In separation science, methods to attain given separations (e.g., of a drug substance from its related compounds, of enantiomers, polymers, positional isomers...) frequently have to be developed.

The development of such methods is very often done by selecting possible influencing factors, varying them one-by-one and evaluating their influence on the response(s) of interest. However, experimental design is an alternative to this approach. In fact, it is an even better alternative because for a given number of experiments the experimental domain is more completely covered and interaction effects between factors can be evaluated.

Table

An experimental design can be considered as a series of experiments that, in general, are defined a priori and allow the influence of a predefined number of factors in a predefined number of experiments to be evaluated. For example, the table of experiments for a design that allows the evaluation of the influence of three factors (and their interactions) on the response(s) is shown in Table 1, whereas Figure 1 shows the geometric representation of the experiments.

Figure 1

In Figure 2, a schematic diagram of a general experimental design-based methodology to optimize a (separation) method is shown. In the first step, when one has very little knowledge on the influence of possible factors of the technique on the responses, all factors potentially influencing the results of the method will be selected. Their effects will be evaluated in a screening step. For this purpose a so-called screening design is applied. Its aim is to identify those factors that have the largest influence on the responses of interest.

When the most important factors are selected, or when they were a priori known, their optimal combination, resulting in the best response or the best compromise between different responses, is determined. This can be done either by a simplex approach, which is a sequential procedure, or a response surface design approach. These terms will be explained in more detail later on in this article. Usually only two or three factors are studied.

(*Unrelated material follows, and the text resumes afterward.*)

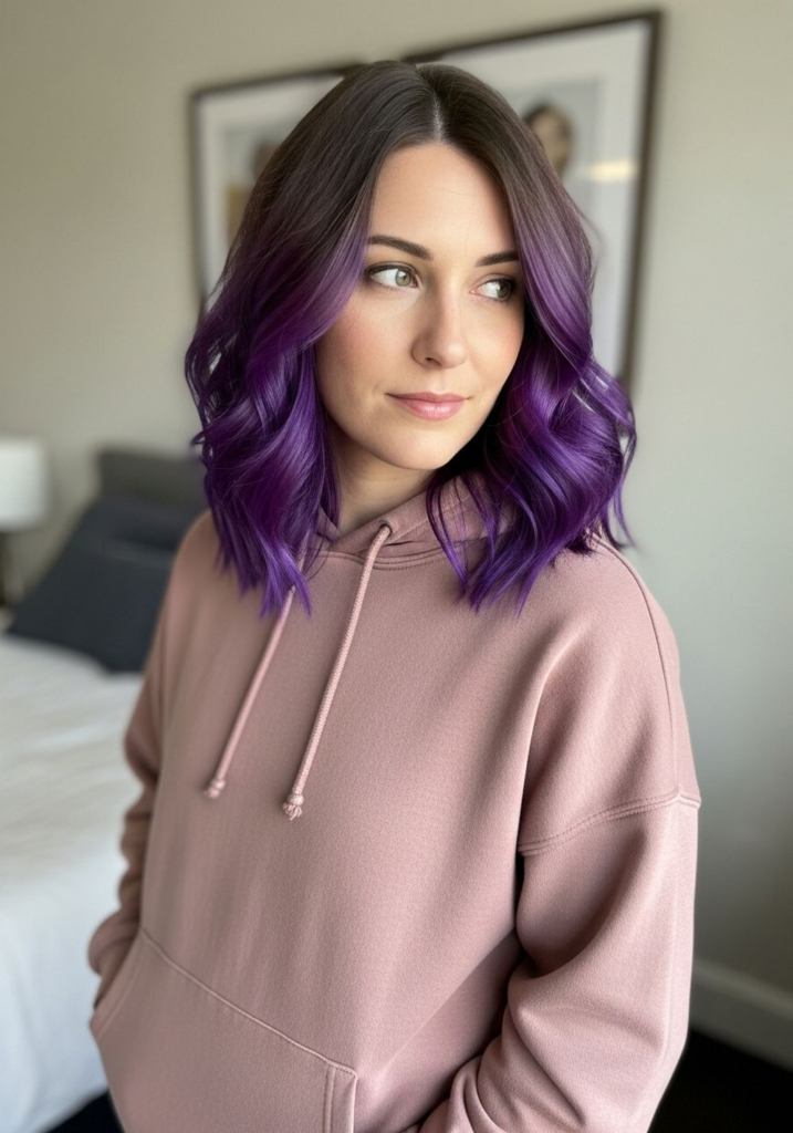 From my experience, violet gradient hair works because it gives flexibility. You can keep it soft and natural or go bold depending on placement and tone.
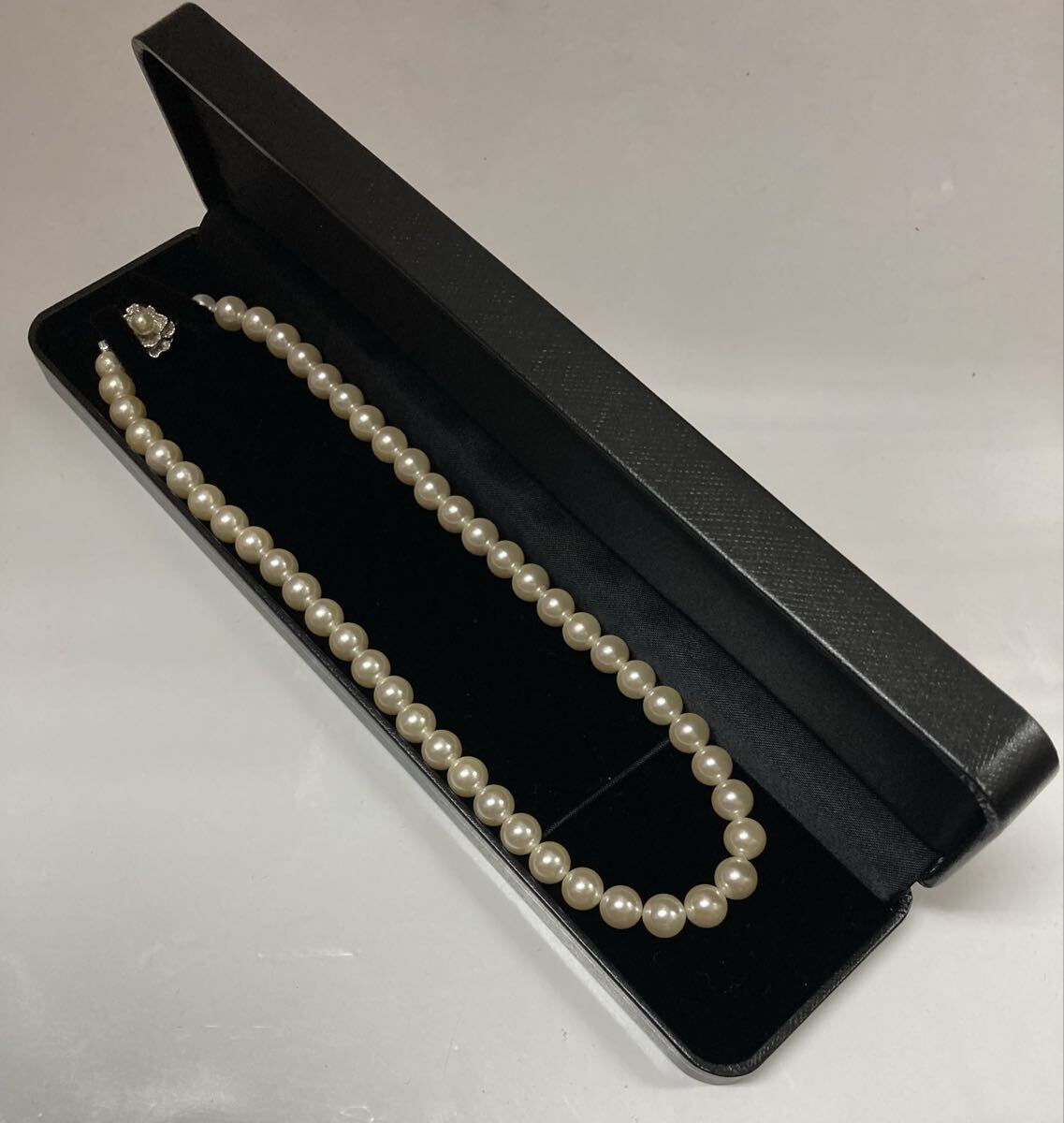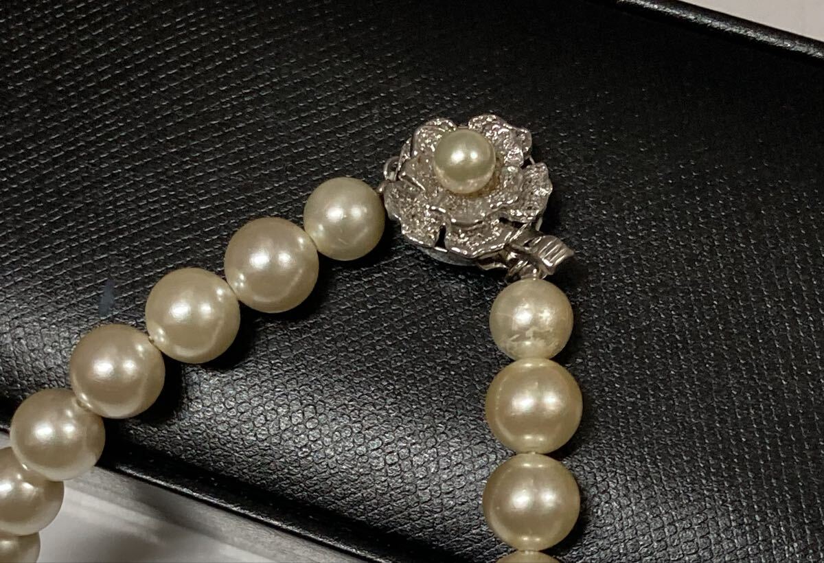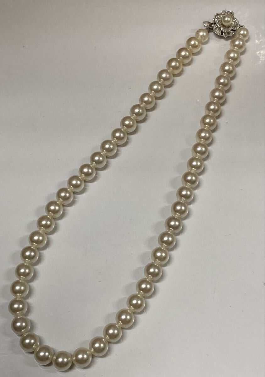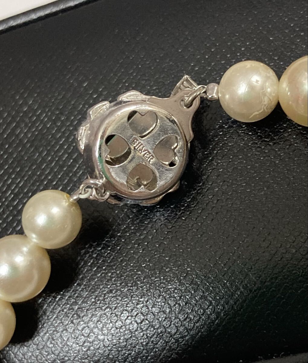 アコヤ真珠 パール ネックレス 美品 ♪ SILVER 刻印 全長:約40cm 珠:約9.0mm ケース付 本真珠 百貨店 冠婚葬祭 フォーマル あこや 真珠

When optimal conditions are selected from the above, the developed method is subjected to a validation procedure in case it will be used for quantitative purposes.

Figure 2

Towards the end of the method development or in the beginning of method validation a robustness test can be performed. This test, where an experimental design approach is also applied, was discussed in a previous column.1 The designs used are identical to those usually executed in the screening step of method development.

Screening Designs

The purpose of these designs is to identify the important variables. The factors are evaluated at two levels. As was mentioned earlier, the designs applied are identical to those applied in robustness testing, that is, fractional factorial designs and Plackett–Burman designs.2 They are two-level designs, which allow screening a relatively high number of factors in a rather low number of experiments. An example of each is given in Table 2. The different steps to be performed are also identical as in robustness testing.1 The difference is situated in the intervals between the two levels of the factors.

Table 2(a)

In method optimization, the largest interval feasible for a given factor is considered. In robustness testing the interval is much smaller and does not exceed the experimental error much. For instance, if mobile phase pH is considered, in the first situation the levels could be, for example, 3 and 9, while a typical range in robustness testing would be optimal level ± 0.2, for example, 3.8–4.2. During execution of the design experiments a number of responses is determined and the effects of the examined factors on them are evaluated.

Figure 3

An effect of a given factor is calculated as the difference between the average results obtained when this factor was either at the low or at the high extreme levels (Table 2).1 Frequently, the importance of the effects (i.e., their significant difference from the experimental error) is either statistically or graphically evaluated to select the most influential.1

Simplex Approach

In the simplex approach the analyst is approaching the optimum in a sequential procedure.3 First a simplex, which is a geometrical figure defined by a number of points equal to the number of variables plus one, is executed in the experimental domain. For two variables the figure is a triangle and for three a tetrahedron. Figure?3 illustrates a situation in which a simplex approach is applied.

Figure 4

The triangles represent the simplexes and the numbers at their vertices represent the consecutive experiments. The dotted lines represent the hypothetical contour plot (unknown to the analyst) for the response to be optimized. Specific rules are applied to determine the consecutive experiments.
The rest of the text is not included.